DATASET EXTRACT:
◇ ◇ ◇ ◇ ◇

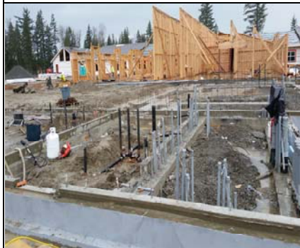
Electrical Room Thru Gym To North Wing
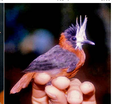
95 Pithys albifrons Ad DFL
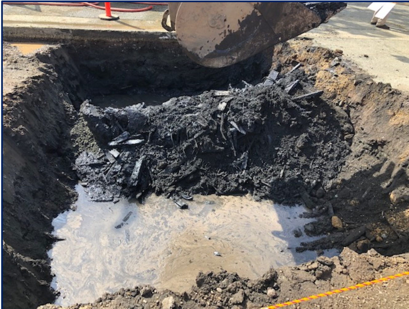
- Timbers exposed at Northpoint
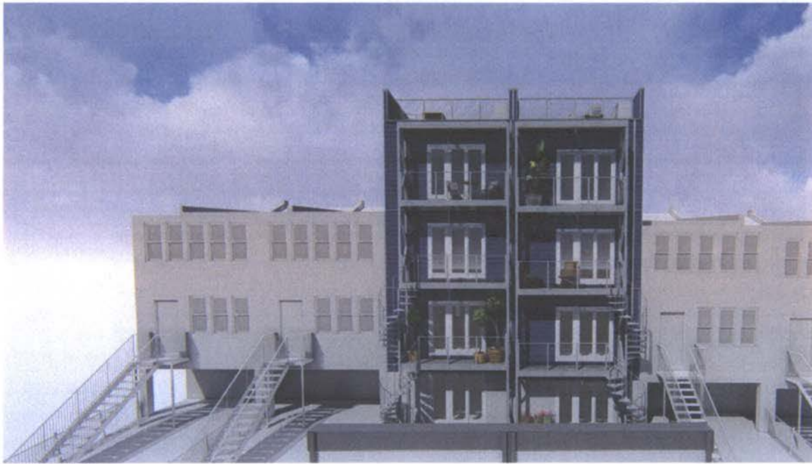
June 21 st , 3 PM

◇ ◇ ◇ ◇ ◇

WHAT YOU NEED TO DO: Give the data above again, exactly, with every picture removed.

REPLY TO THE TASK:
Electrical Room Thru Gym To North Wing
95 Pithys albifrons Ad DFL
- Timbers exposed at Northpoint
June 21 st , 3 PM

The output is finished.